The Mershon Center for International Security Studies  is a research institute at the Ohio State University. The current director is Dorothy Noyes.

History
The Mershon Center was founded in 1952 upon the death of Ralph D. Mershon, an alumnus of the school, who left funds to the university for the establishment of a research institute dedicated to the fields of international relations and security. Many schools founded similar centers due to the aftermath of World War II such as the Arnold A. Saltzman Institute of War and Peace Studies at Columbia University.

The first director of the Mershon Center was Edgar S. Furniss Jr., who was appointed in 1960. However, he would die unexpectedly only six years later. Fellows throughout the years have included Francis Beer, Erika Bourguignon, Ofer Feldman, Azar Gat, Margaret Hermann, David P. Houghton, Kimberly Marten, Robert J. McMahon, Margaret Mills, John Mueller, Mary Ellen O'Connell, Allan Silverman, Alexander Stephan.
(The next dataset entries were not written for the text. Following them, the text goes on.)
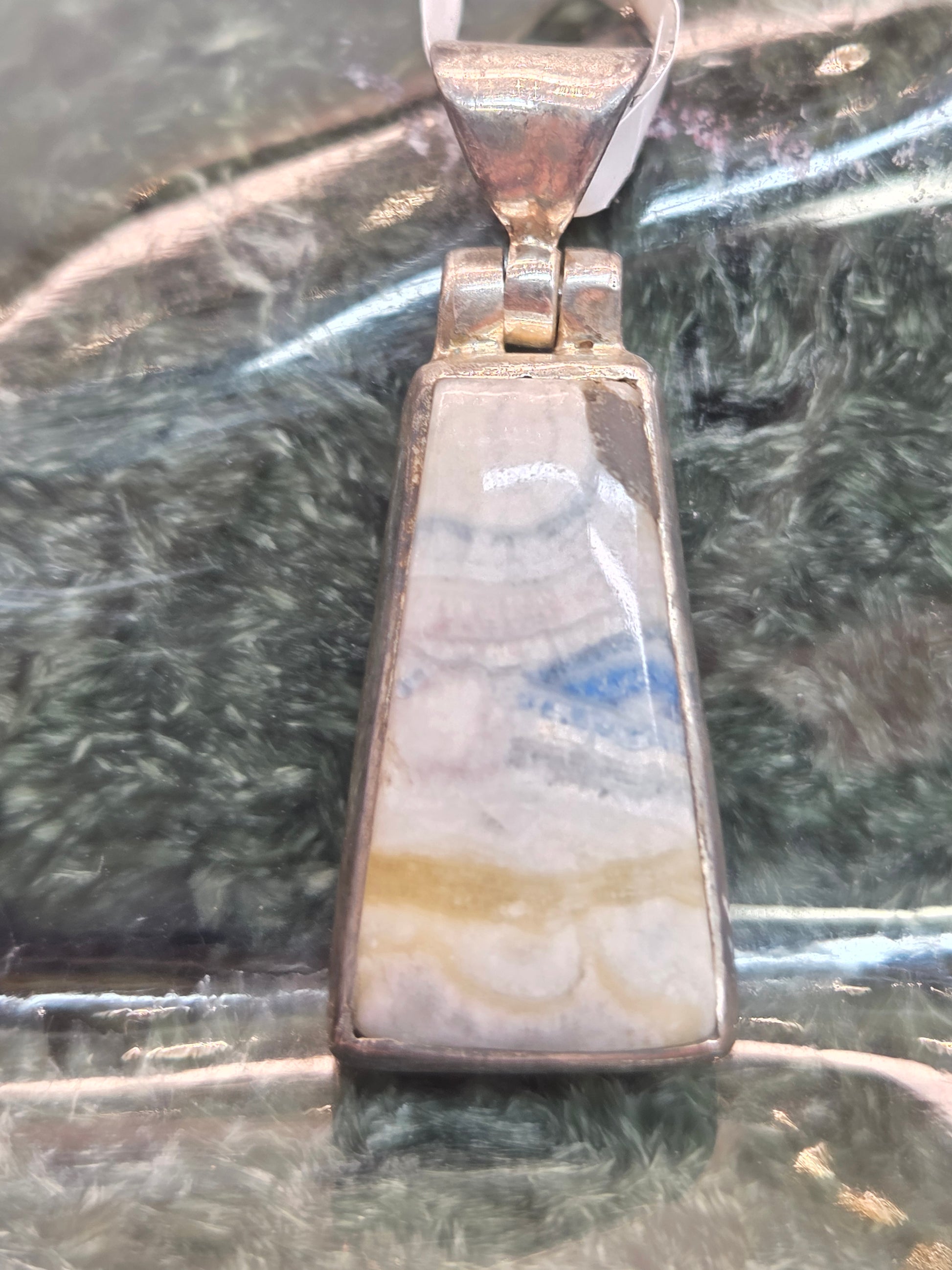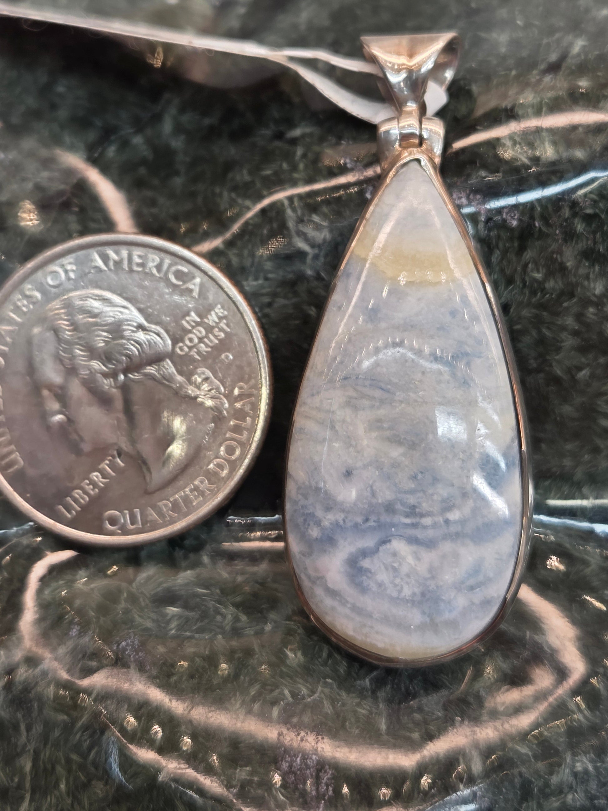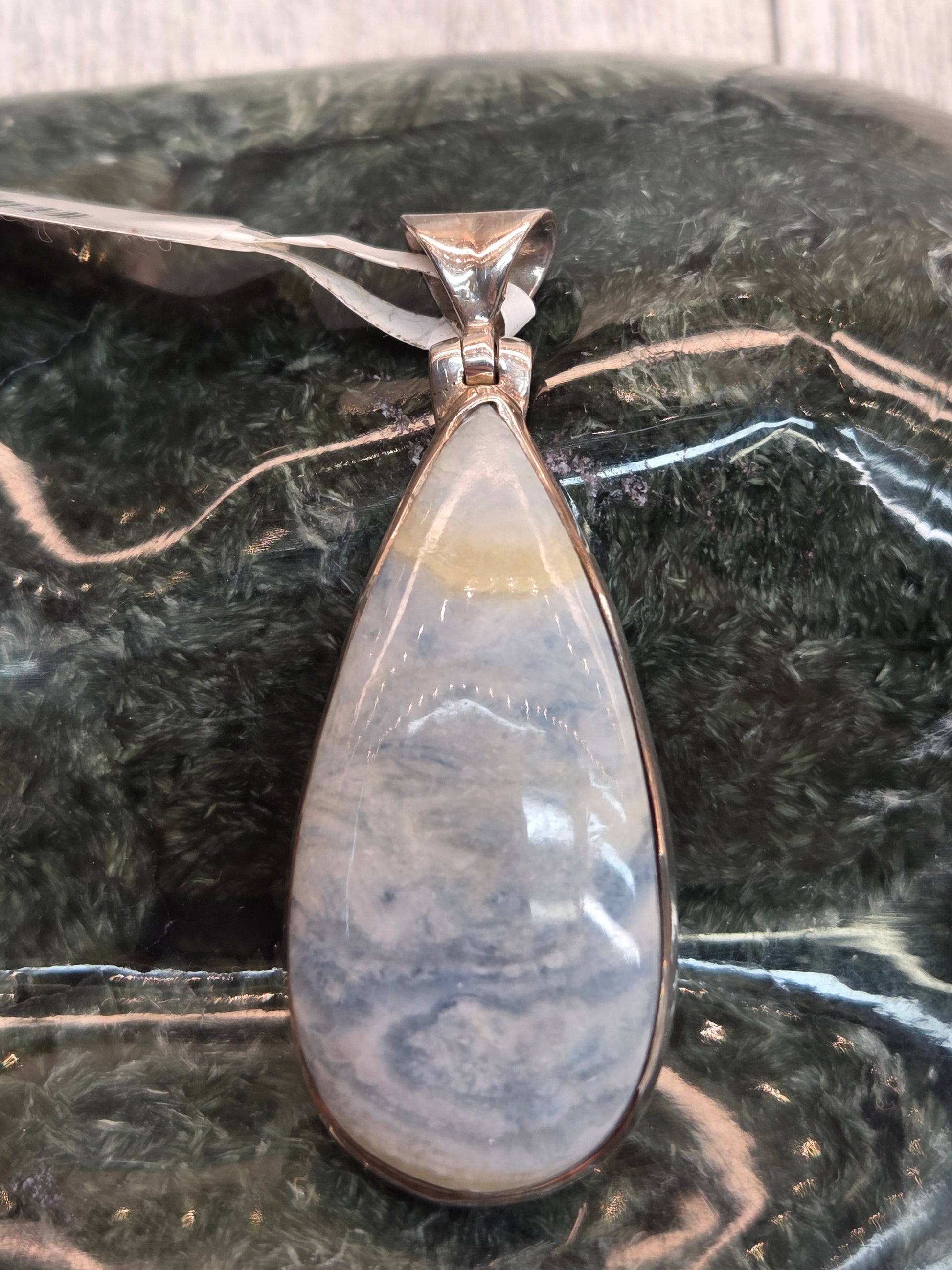Soothing and spiritually supportive, these Blue Scheelite pendants offer a harmonious blend of grounded energy and higher perspective. Blue Scheelite is a unique combination of dolomite and blue calcite, resulting in a stone that not only radiates calm through its soft, sky-blue hues but also holds deep metaphysical resonance.
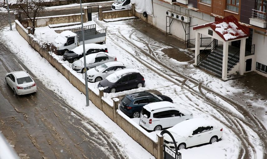 Bitlis'te gece başlayan ve aralıklarla devam eden kar nedeniyle kent beyaza büründü.
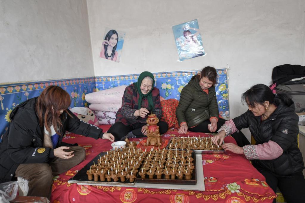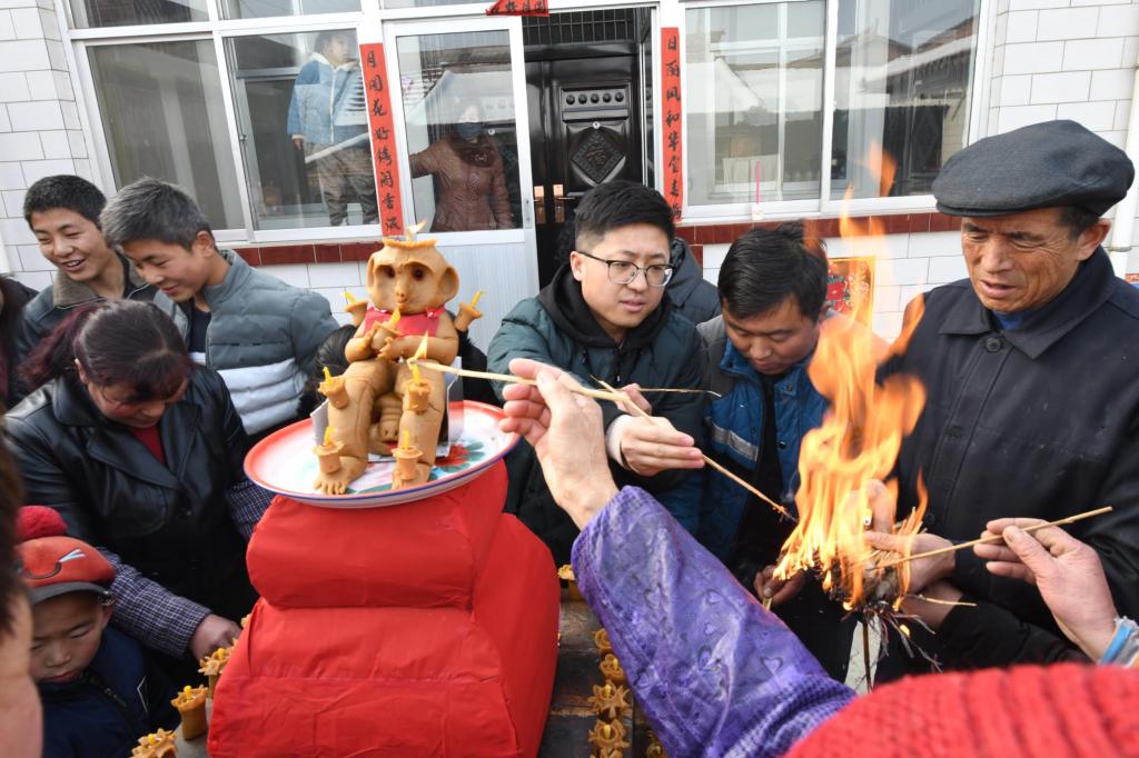 端燈是件繁瑣隆重而有熱鬧的事。制作過程不簡單。女兒一出嫁,就得在十五前,邀一位心靈手巧又有經(jīng)驗(yàn)的婦女來,先取出酒谷面,用溫水和好,做成窩窩頭樣,形如大饅頭,從底部到中間是空心的,一個(gè)一個(gè)擺好在籠里,搭在鍋里蒸。捏猴燈就是塑像,是門手藝活,得請一位藝術(shù)精湛經(jīng)驗(yàn)豐富的“捏塑藝人,用料面捏一只一尺來高的猴子,猴頭上捏一盞燈:一圈沿子,中間凹下去,插上燈蕊猴的兩肩各捏一盞;猴的兩手放在兩膝蓋上,掌心向上,兩手各端一盞捏好的小燈。猴的身旁依有幾只小猴,是猴子猴孫吧!它們也頭頂燈,手捧燈。新姑爺是猴燈的尊享者。親房鄰友的精干婦女也加入到忙碌的隊(duì)伍中,她們只捏小燈,大小如十二三孩子的拳頭般,圓形平底,上捏出沿子,沿邊用剪刀剪出各種花形,中間凹下去再插上燈蕊,小巧而玲瓏!燈的數(shù)量是有講究的,多少由新婚女兒的芳齡而定。一歲十二盞,如果新婚女兒今年二十三,那就得捏二百七十六盞。

The Mershon Center houses scholars from a variety of fields, including doctoral students, visiting fellows, and permanent faculty affiliates.

Furniss Book Award
In 1982, then-director Charles F. Hermann initiated a book award in honor of the first director of the center, Edgar S. Furniss Jr. The award is presented annually to a scholar whose "...first book makes an exceptional contribution to the study of national and international security."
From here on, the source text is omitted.